Trapper Keeper Breast Pumps: Back To School Must

RICHMOND, Va. (CAP) - As the back-to-school selling season gets into full swing, retailers across the nation are once again filling their aisles with a full range of scholastically insignificant products.

From book bags, pencil cases and colostomy bags, to protractors, foot powder and jumper cables, the shelves are filling up with back-to-school necessities, non-necessities and anything labeled Trapper Keeper.

"I didn't even know they made Trapper Keepers anymore," said Stacy McConnell as she shopped with her husband, Vladimir, and their daughter, Juanita-LaQuisha-Ann.

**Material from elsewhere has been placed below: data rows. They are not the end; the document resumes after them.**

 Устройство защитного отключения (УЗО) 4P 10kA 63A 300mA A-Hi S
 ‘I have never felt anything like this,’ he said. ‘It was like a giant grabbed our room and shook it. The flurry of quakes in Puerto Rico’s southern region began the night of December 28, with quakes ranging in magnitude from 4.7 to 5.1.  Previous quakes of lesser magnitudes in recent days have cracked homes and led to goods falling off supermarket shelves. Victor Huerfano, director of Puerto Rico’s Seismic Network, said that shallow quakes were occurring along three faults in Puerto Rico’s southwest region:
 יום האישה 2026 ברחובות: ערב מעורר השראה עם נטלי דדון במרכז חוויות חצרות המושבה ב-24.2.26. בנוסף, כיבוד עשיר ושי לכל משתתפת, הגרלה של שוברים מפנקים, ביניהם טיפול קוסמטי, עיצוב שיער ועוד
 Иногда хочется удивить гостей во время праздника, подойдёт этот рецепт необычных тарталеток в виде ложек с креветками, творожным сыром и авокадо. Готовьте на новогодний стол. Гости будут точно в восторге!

"Now, it seems like they have Trapper Keeper everything," she continued, pointing to several items in her shopping cart. "Trapper Keeper nose hair clippers, Trapper Keeper deep fryers, Trapper Keeper breast pumps - It's amazing."

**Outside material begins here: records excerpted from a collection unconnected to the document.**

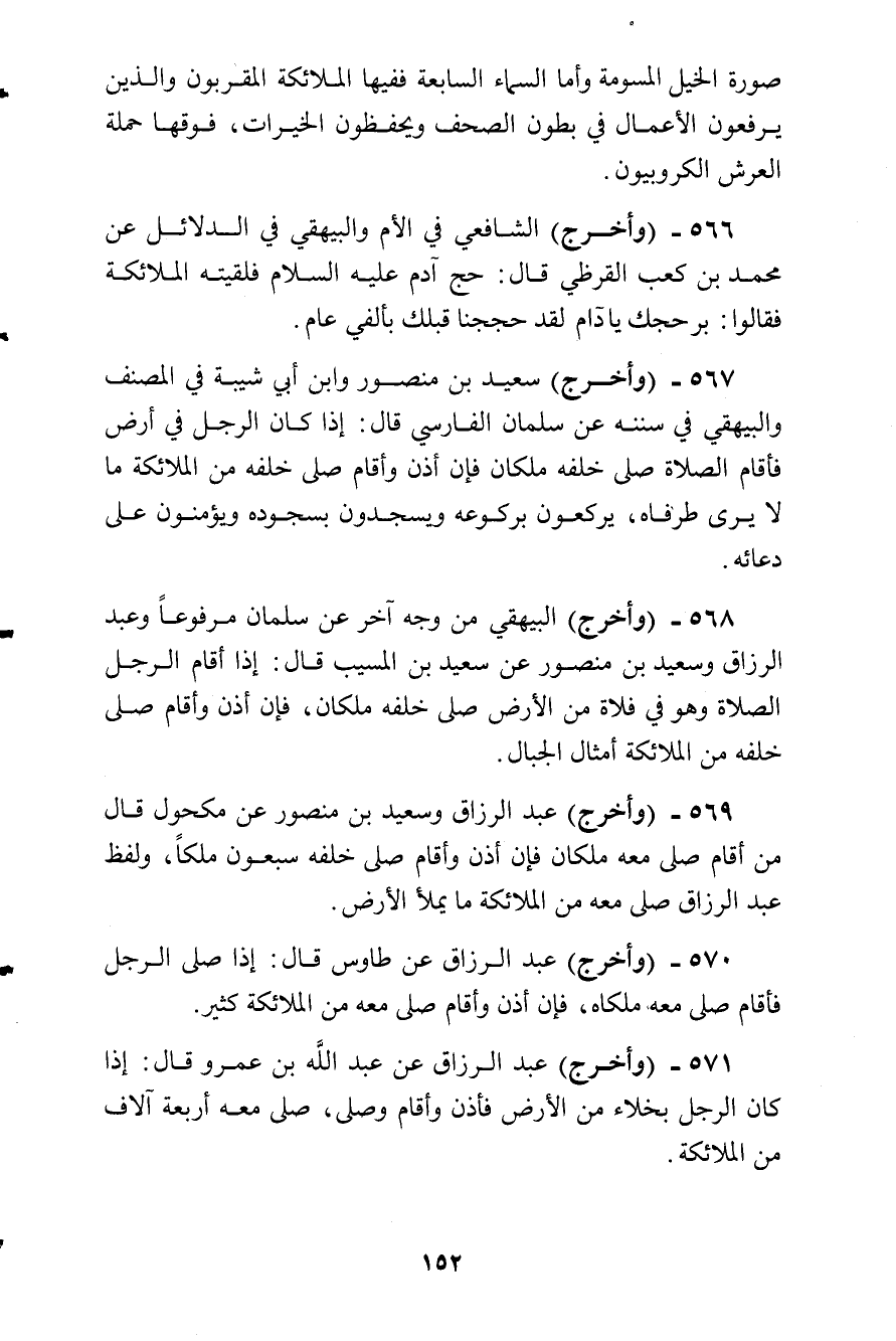 وأخرج سعيد بن منصور وابن أبي شيبة في المصنف والبيهقي في سننه عن سلمان الفارس قال: إذا كان الرجل في أرض فىء فأقام الصلاة صلة خلفه ملكان فإن أذن وأقام صلى خلفه من الملائكة ما لا يرى طرفاه، يركعون بركوعه ويسجدون بسجوده ويؤمنون على دعائه.
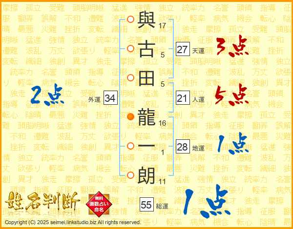 與(17画)古(5画)田(5画) 龍(16画)一(1画)朗(11画)
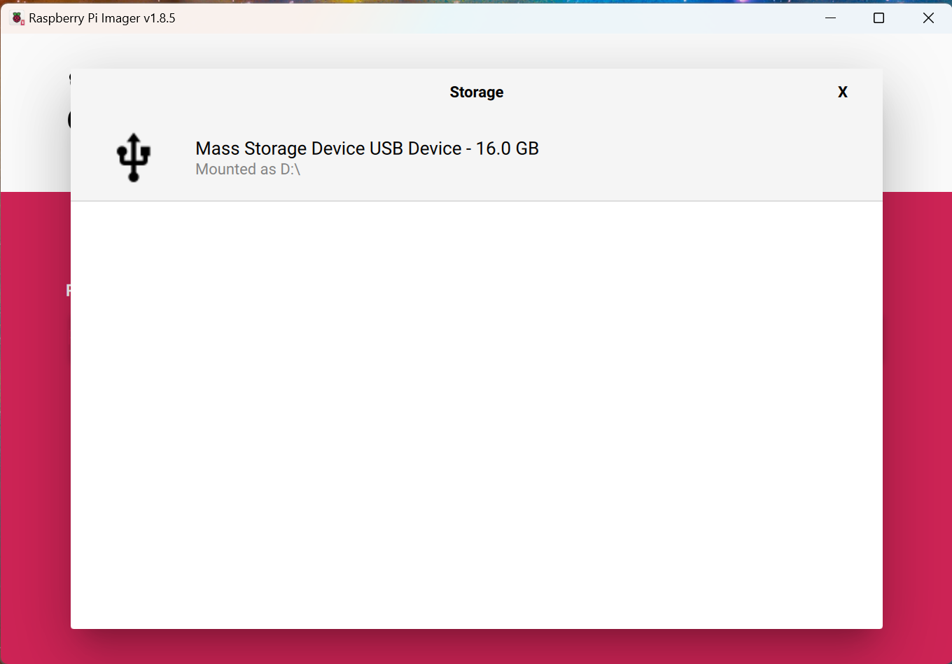 Connect the SD card or the SD card in a USB adapter to the computer. Then click on CHOOSE STORAGE. An option will be presented named something such as "Mass Storage Device USB Device - 16.0 GB". Click on that entry.
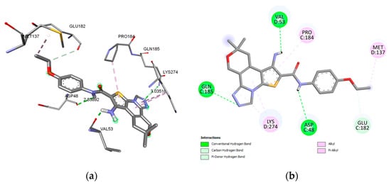 Hydrogen bonds were observed with amino acid residues Asp48, Val53, and Gln185 with distances of 2.8 Å, 1.9 Å, and 3.0 Å, respectively. The hydrophobic type of binding occurred due to residues of Pro184, Met137, and Lys274 (Figure 8b).
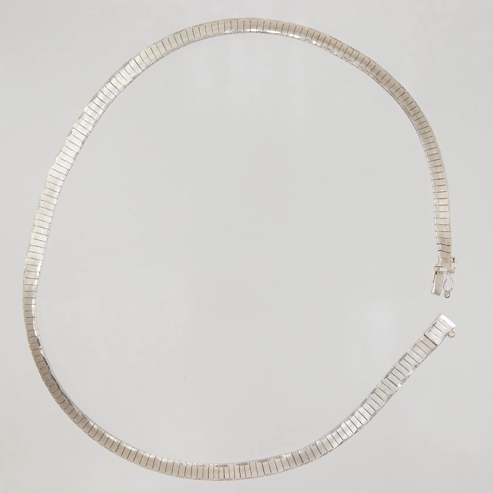 Collier halvstelt, 40cm, bredd 6mm, ojämn länk/bruksslitage, Silver 925/1000 Vikt: 23,6 g.

Stacy's husband, Vladimir, disagreed. "It ain't amazing," he said. "Breast pumps ain't got diddly-dick to do with going back to school. Ain't no reason our little Juanita-LaQuisha-Ann needs one of them-there gizmos. She's eight."

Regardless of Vladimir McConnell's sentiment, Trapper Keeper breast pumps were listed on his daughter's back-to-school supply list and "besides, all the other girls were getting one."

And the list didn't stop there. According to Juanita-Laquisha-Ann's teacher, Tipper Bobbins, before the first day of school, Juanita-LaQuisha-Ann must also obtain several other back-to-school products and services.

"She'll need a back-to-school psychic reading, a back-to-school mesothelioma lawyer, and a back-to-school anal bleaching," explained Bobbins. "And, according to the school board's policy, each of those must carry the Trapper Keeper Seal of Approval."

So how exactly did a washed-up brand of organizational binders suddenly reemerge as a back-to-school powerhouse? To answer that, CAP News spoke with Paul Prescott, Trapper's Director of Crash/Burn Mitigation, and Eugene Schmidt, Trapper's Director of Kung Fu Fighting.

"First, we have to look back at history," explained Prescott. "You see, once Def Leppard ran out of cool album covers, we ran out of cool shit to put on our Trapper Keepers. And once we ran out of cool shit to put on our Trapper Keepers, we were forced to put Billy Ray Cyrus on them. And once we did that, Trapper Keepers were screwed."

"Same thing happened to MTV," added Schmidt.

"Exactly," agreed Prescott. "And for the almost two decades that followed we struggled to maintain market visibility - barely hanging on in a paperless, Def-Leppardless society. But, all that changed when I hired Eugene."

Schmidt, a graduate of the University of Phoenix and a life long friend of a guy who knows a guy who does those sorts of things, explained how he was able to breathe life back into the brand.

"First, I had to buy off certain school board members," Schmidt recalled. "And then, through a series of tough negotiations, I established a chain of lucrative, sustainable, overseas partnerships."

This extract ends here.